For a talk on religious_service → outcome-wide wellbeing:

"If our estimate is right, encouraging weekly attendance among adults who currently attend less often would lift four wellbeing outcomes by roughly a tenth of a standard deviation each. For a public-health body deciding whether to fund community programmes that lower the cost of regular religious participation, that magnitude is in the range that has justified investment in similar programmes elsewhere. The recommendation depends on conditional exchangeability after adjusting for thirteen baseline covariates plus baseline outcomes; if a strong unmeasured confounder remained — say, a stable disposition we have not measured — the result could be reversed for some outcomes. The E-values say a confounder would need to be associated with both attendance and the outcomes by a risk ratio of at least 1.6 to do that."
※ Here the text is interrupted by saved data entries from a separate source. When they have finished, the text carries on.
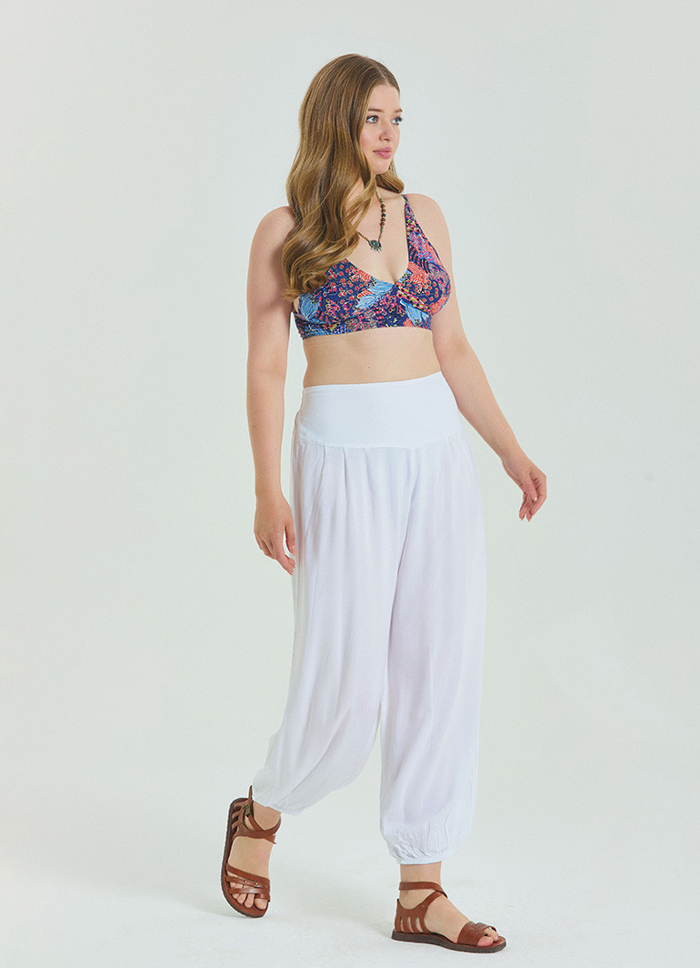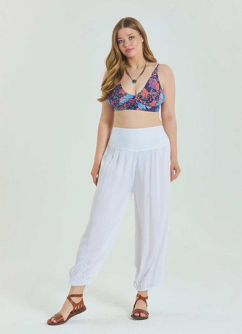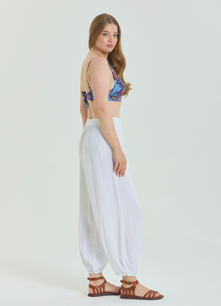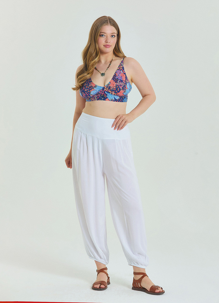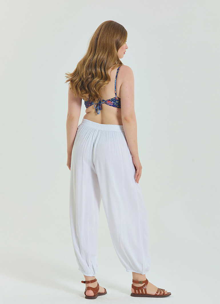 Yaz mevsiminde konfor ve şıklığı bir arada sunan bu beyaz büyük beden pantolon, rahat kesimi ve beli lastikli yapısıyla gün boyu özgürce hareket etmenizi sağlar.
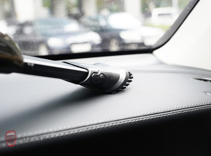 본체에 부착해 사용하는 액세서리의 경우  하단에 브러쉬가 부착되어 있는 모습입니다. 브러쉬는 바닥이나 시트에 떨어진 이물질이나 먼지를 모아주는 역할을 해주어 놓치는 곳이 없도록 해주는 역할을 하거나 틈새를 청소 할 때 유도리 있게 사용할 수 있었습니다.
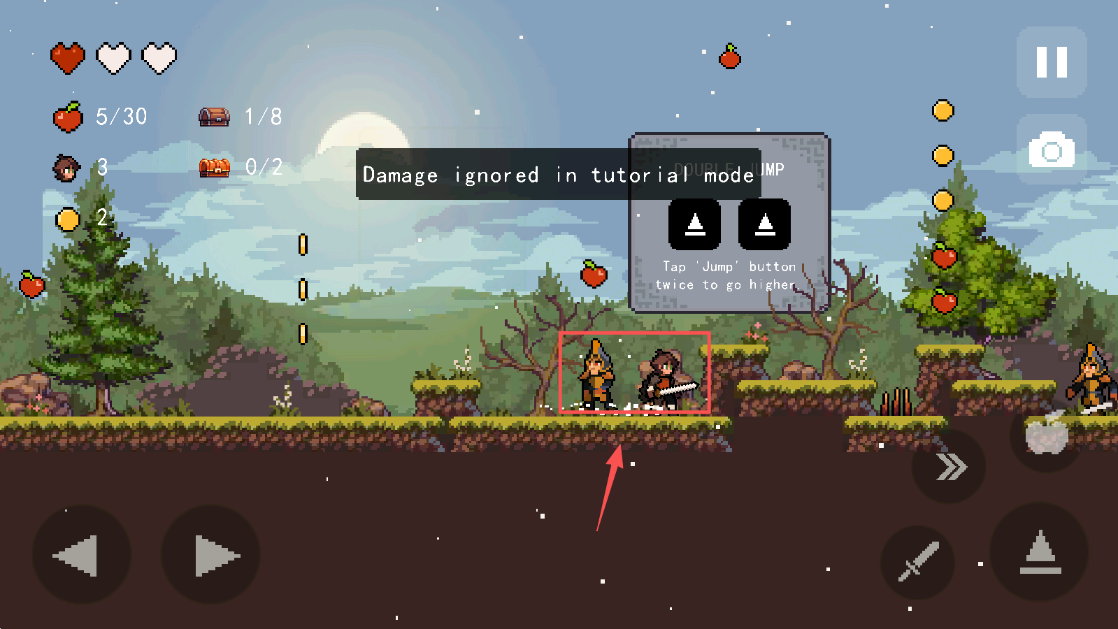 2、在教程模式下,学习如何使用跳跃和双跳来避开障碍和敌人。
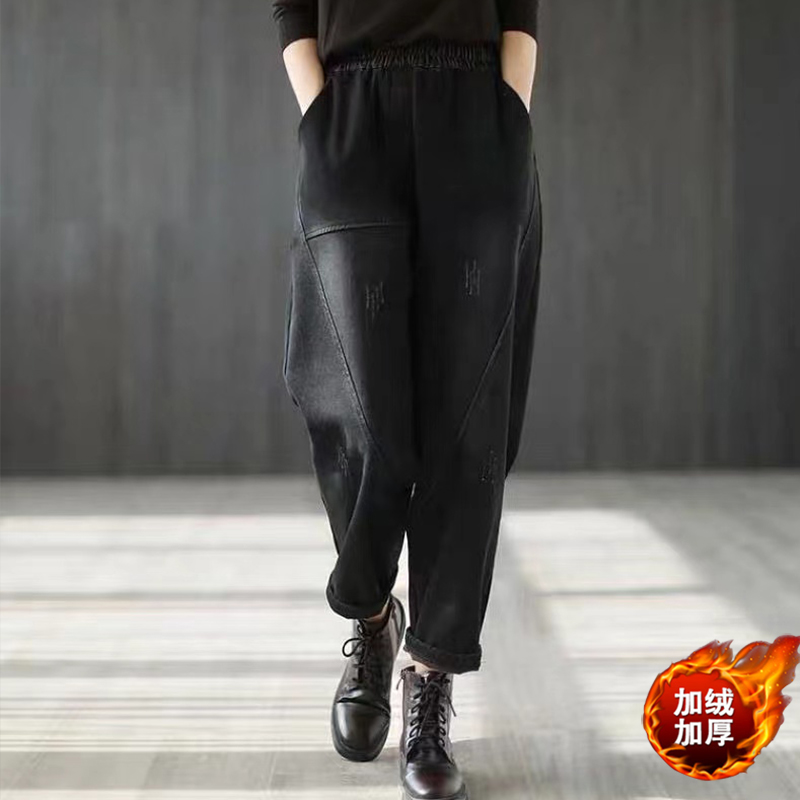 萝卜哈伦裤女加绒加厚牛仔秋冬
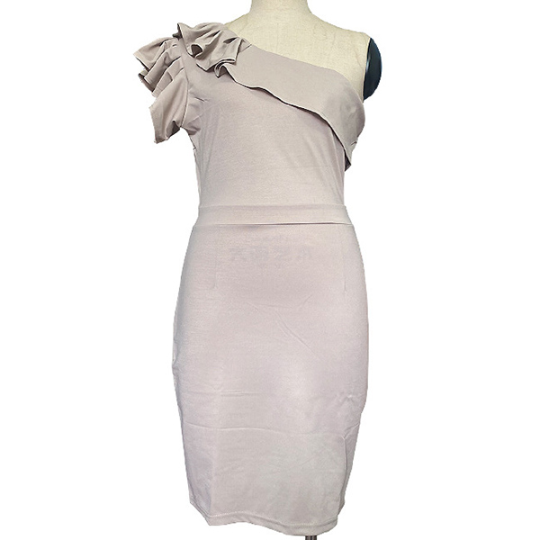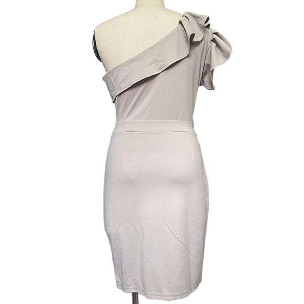 Sexy One-shoulder Sleeveless Solid Color Slim Fit Ruffle Dress
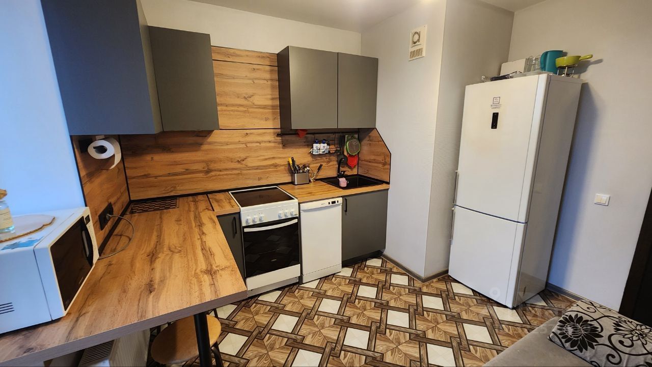 В квартире остается практически вся мебель и техника: диваны в комнате и на кухне, большой шкаф в прихожей, холодильник, микроволновка, электроплита, посудомоечная и стиральная машины, кондиционер. В ванной установлен мощный проточный водонагреватель на случай отключения горячей воды.

This answer names the population (adults who currently attend less often), the magnitude (a tenth of a standard deviation, four outcomes), the decision-maker (a public-health body), the decision (whether to fund community programmes), and the assumption that would change the answer (conditional exchangeability, with an E-value benchmark).


Common pitfalls

  • Spending the first three minutes on background and never reaching the estimand.
  • Drawing the DAG without naming the adjustment set it implies.
  • Reporting only standardised effects, with no sense of whether the effect is big enough to matter.
  • Reading from notes word for word. Notes are allowed; karaoke is not the goal.
  • Treating the panel question as a personal attack. It is just part of the assessment.

Practical checklist

Preparation

  • Rehearse the opening sentence until it is short and clear.
  • Plan the whiteboard layout in advance (left third for the DAG, centre for the estimand, right for the result).
  • Time yourself: aim for eight minutes, leaving two for breathing room.
  • Anticipate one likely panel question and prepare a one-sentence answer.
  • Re-read the Reporting Guide for terminology consistent with the course.